The United Nations' chief weapons inspector, Hans Blix, says the earliest date that an advance team of inspectors can be sent to Iraq is the end of October. Blix had originally hoped to get inspectors back into Iraq by the middle of this month. But the UN Security Council is debating proposed resolutions that could alter the mandate under which they work. Meanwhile, Iraq today offered to allow U.S. inspectors into industrial complexes that Washington alleges are part of a program to produce weapons of mass destruction.

Prague, 10 October 2002 (RFE/RL) -- Chief United Nations weapons inspector Hans Blix says debates within the UN Security Council over proposed resolutions on Iraqi disarmament are delaying the deployment of inspectors to Baghdad.

Speaking late yesterday on the U.S. television program "Newshour With Jim Lehrer," Blix said his inspection teams are ready to go into Iraq now. But he said he thinks the earliest that an advance team can arrive and start preparing for a resumption of inspections is the end of October. "We [initially] had a timeline that represented the [UN] Security Council which aimed at the middle of October.
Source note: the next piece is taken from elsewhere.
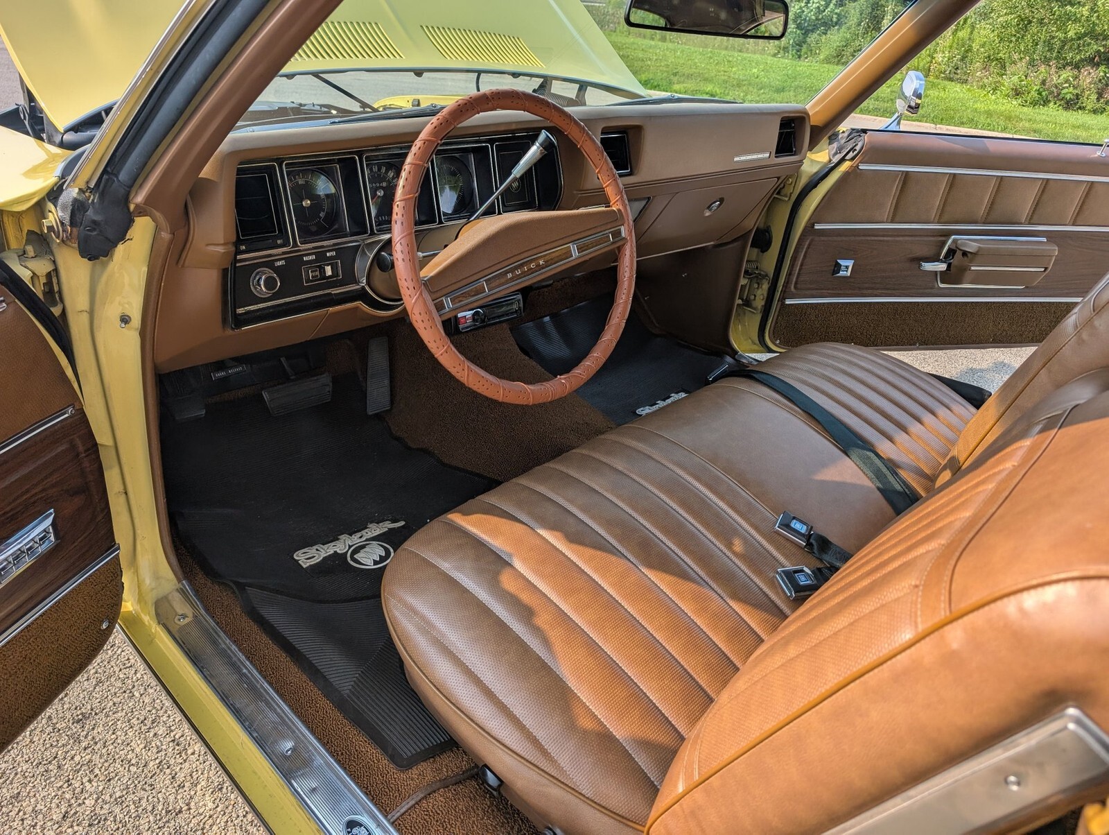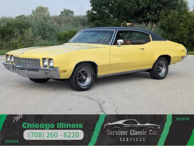 Survivor Classic Car Services Chicago is proud to present this partial survivor 1972 Buick Skylark. Under the hood is believed to be the original 350 cubic inch V8 and 3-speed automatic transmission. The 4bbl carburetor sitting on top of the engine feeds a steady supply of gas to keep this baby firing on all cylinders! The cast iron powerplant exhales through a set of recently installed Dougs ceramic coated headers and into a dual exhaust system using chambered mufflers to tone down the volume while keeping the tone just right for a classic muscle car.

If the Security Council now is going to work out a new resolution, which might in some ways change our mandate, then we think that it would be reasonable to wait for that mandate, at least for some little time. So, still, hopefully, before the end of October," Blix said.

Blix and Mohammad El-Baradei, director of the International Atomic Energy Agency, told reporters last week that the support of the Security Council is needed before experts can start a new series of inspections in Iraq.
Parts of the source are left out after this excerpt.